Courtney: The hardware world is 70% male, so to be two 24-year-old females, to build our product, it was definitely a really tricky thing. We went through two clusters of product development, with 100,000 plus regulatory tests. We have this swivel power cord that they literally turned 100,000 times to see if it falls off. It just gives you an amazing appreciation anytime you walk into a home goods store (or see) every product that’s in your house because it’s incredible what is required, especially from a technology standpoint.
Q. What have you loved about this work?
Courtney: It’s so different every single day. (I’m responsible for) managing our agency partners — key search and social agency partners, a PR partner, marketing partners, search optimization partners, where I spend a lot of my time keeping track of the metrics and then reinvesting our capital based on those metrics. I also handle all fundraising. I’m working with larger retailers and as well as hospitality partners (with a plan to place Nori in hotels, which she credits as Annabel’s idea to expand beyond current online direct sales) and also product expansion. What are those next products going to look like?
I love Annabel. Working with someone that you trust and truly love spending time with just makes everything so enjoyable. On top of that, one of the amazing benefits of entrepreneurship is that you have these tangible things that you can hold on to. It started with a tangible product that we built.
Annabel: We love working together. (They just moved into a shared workspace.) It’s so fun working with one of your best friends.
We raised capital. We partnered with this great design and engineering firm. We created this prototype and showed all of our friends. We had this fun wine and cheese night where we (asked), “What do you think? What would you do different?” Creating a product that people were excited about was something that both (Courtney) and I were really interested in pursuing. It’s very collaborative, which we both enjoy.
Q. How did your Wake Forest experience prepare you?
Annabel: We were able to talk to different people and received so much feedback that we wouldn’t have had the chance to do any other place.
(Liberal arts) benefited us because we just became well-rounded people that can solve problems in very different circumstances.

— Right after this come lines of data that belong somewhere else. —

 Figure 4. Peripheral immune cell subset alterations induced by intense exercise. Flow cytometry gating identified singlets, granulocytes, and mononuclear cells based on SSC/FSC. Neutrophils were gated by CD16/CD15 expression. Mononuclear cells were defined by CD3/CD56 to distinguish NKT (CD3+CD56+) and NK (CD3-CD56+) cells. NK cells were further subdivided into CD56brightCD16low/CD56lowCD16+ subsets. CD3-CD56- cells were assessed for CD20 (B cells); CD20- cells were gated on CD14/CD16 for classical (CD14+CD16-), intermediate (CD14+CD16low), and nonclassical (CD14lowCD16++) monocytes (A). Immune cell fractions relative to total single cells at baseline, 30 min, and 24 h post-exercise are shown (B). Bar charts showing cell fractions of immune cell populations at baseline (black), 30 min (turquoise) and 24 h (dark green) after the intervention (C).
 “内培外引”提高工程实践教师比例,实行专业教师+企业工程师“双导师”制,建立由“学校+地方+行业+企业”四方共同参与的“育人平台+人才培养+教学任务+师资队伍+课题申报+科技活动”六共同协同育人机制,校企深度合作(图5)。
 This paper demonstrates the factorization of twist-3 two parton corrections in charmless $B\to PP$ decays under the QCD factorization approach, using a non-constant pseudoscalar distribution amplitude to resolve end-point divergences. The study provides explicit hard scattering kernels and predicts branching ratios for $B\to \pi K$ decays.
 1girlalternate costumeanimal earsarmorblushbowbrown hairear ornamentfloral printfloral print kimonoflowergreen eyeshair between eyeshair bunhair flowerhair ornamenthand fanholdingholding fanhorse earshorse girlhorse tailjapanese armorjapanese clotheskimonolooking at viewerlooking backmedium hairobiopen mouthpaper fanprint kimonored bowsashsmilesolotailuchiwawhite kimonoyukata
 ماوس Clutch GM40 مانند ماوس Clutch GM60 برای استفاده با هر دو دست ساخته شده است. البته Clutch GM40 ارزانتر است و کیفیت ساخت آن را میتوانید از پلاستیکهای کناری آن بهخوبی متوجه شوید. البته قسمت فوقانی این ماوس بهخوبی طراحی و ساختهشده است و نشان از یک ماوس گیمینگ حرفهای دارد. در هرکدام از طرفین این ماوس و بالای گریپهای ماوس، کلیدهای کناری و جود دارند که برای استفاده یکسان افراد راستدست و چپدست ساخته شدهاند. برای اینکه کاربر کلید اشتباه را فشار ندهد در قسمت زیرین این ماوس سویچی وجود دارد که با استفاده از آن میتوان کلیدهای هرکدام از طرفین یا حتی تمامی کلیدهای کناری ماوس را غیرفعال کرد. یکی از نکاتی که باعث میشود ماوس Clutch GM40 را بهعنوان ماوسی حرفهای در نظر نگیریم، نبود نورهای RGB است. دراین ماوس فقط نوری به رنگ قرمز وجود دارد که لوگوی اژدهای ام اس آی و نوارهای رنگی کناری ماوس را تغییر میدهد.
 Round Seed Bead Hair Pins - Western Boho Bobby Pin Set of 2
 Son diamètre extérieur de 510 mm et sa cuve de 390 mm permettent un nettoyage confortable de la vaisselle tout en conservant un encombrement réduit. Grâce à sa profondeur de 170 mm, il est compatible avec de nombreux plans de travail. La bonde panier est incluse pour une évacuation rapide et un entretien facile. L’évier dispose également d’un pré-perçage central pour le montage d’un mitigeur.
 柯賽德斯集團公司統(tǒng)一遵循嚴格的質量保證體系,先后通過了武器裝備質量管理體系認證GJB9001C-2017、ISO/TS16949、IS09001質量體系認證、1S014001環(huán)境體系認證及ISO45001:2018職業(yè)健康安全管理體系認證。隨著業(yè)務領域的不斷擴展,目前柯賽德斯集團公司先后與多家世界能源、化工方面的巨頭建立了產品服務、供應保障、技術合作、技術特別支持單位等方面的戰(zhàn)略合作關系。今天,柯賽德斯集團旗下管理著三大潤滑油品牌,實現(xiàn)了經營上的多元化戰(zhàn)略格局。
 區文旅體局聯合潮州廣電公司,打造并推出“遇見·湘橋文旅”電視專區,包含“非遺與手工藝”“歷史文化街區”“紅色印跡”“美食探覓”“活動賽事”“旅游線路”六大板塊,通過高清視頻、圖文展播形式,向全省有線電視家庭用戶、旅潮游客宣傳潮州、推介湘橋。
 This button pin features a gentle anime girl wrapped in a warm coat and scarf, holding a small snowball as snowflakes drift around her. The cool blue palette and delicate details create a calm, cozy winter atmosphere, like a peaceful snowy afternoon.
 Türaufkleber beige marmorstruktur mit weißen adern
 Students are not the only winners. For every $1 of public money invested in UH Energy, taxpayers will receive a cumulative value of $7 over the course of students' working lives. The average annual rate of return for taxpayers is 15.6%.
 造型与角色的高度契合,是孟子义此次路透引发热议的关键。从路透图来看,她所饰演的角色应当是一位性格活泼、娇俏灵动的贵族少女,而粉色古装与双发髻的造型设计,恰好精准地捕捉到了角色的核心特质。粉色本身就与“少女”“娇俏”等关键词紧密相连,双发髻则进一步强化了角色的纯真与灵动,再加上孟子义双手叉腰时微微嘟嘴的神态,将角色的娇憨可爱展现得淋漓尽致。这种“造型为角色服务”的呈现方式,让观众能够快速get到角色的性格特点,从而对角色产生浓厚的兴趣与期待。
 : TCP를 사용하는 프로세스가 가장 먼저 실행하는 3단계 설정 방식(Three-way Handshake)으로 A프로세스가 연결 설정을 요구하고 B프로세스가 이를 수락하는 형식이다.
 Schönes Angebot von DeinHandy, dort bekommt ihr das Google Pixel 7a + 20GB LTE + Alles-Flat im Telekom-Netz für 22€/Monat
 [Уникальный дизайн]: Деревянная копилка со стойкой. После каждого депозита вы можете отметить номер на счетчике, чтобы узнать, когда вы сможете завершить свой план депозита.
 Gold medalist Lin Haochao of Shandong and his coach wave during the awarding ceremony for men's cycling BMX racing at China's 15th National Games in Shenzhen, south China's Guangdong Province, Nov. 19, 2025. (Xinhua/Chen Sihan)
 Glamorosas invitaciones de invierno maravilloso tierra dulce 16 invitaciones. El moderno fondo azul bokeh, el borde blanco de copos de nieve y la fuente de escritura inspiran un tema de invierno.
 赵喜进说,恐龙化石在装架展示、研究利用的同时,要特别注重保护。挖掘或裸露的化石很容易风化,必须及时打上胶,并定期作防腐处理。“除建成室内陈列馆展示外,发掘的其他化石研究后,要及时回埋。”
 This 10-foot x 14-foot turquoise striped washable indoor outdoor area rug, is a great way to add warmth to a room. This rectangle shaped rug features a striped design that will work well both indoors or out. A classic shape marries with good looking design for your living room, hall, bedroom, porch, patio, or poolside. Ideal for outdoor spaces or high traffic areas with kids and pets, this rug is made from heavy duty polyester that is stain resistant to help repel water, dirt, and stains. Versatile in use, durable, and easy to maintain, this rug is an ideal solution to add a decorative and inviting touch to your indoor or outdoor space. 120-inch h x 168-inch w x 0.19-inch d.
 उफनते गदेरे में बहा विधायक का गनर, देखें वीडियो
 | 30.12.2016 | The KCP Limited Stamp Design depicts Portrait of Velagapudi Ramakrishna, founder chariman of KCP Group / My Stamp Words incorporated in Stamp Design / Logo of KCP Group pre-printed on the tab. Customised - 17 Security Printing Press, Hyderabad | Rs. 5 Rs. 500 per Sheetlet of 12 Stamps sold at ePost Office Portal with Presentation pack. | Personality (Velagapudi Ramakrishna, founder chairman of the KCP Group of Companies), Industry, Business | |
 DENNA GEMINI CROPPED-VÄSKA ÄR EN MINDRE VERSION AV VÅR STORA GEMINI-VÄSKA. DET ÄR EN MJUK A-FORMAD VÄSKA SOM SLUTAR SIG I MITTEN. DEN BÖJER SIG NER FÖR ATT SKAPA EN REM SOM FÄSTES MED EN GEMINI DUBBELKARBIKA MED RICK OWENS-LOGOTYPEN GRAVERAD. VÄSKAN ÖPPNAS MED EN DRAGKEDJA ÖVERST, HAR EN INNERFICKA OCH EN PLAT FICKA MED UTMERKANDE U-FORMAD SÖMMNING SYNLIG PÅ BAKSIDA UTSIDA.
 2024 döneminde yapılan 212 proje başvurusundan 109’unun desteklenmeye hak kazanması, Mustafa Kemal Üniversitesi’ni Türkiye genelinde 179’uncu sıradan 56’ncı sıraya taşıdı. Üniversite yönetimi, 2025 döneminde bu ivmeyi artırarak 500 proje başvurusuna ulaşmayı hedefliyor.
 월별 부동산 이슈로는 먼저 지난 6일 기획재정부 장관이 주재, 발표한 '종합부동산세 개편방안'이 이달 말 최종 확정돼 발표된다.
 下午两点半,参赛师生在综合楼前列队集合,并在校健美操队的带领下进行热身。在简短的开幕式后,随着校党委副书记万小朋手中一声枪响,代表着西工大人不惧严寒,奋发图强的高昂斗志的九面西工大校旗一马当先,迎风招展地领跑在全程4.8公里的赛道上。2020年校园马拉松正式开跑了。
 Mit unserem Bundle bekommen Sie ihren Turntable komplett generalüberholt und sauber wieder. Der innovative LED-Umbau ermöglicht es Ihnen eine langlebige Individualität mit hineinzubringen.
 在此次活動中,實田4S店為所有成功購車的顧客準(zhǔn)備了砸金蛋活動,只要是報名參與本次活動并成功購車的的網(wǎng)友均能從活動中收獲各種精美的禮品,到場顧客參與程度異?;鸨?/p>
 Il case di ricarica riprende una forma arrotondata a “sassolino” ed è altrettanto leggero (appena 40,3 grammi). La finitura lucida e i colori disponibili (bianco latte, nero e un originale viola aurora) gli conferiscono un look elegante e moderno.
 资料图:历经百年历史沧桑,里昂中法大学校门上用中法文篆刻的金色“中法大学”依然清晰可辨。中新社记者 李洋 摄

If we didn’t go to Wake and we only studied hardware, sure, that would be great. But what about marketing? What about public speaking? What about networking? Not having a liberal arts education, you lose that. Nori as the product is, of course, one element, but a lot of the business is talking to different people, working with other people, working in group settings. With all the group projects that we had at Wake, we were used to collaborating. Being able to think of things in a different critical way and not just focusing on one lens of the business, but thinking of it from a holistic approach, has definitely put us at an advantage.
We love Wake. My youngest brother is actually here. We love coming back. It’s such a special place.
Courtney: I would say the greater approach to learning that Wake Forest fosters (prepared me). They’re constantly pushing you to try new things and get outside the box, to leave the classroom and ask questions and get to know new people. That greater mentality serves in entrepreneurship. A certain amount of comfort to reach out to people, to Wake Forest alumni, has been extremely beneficial.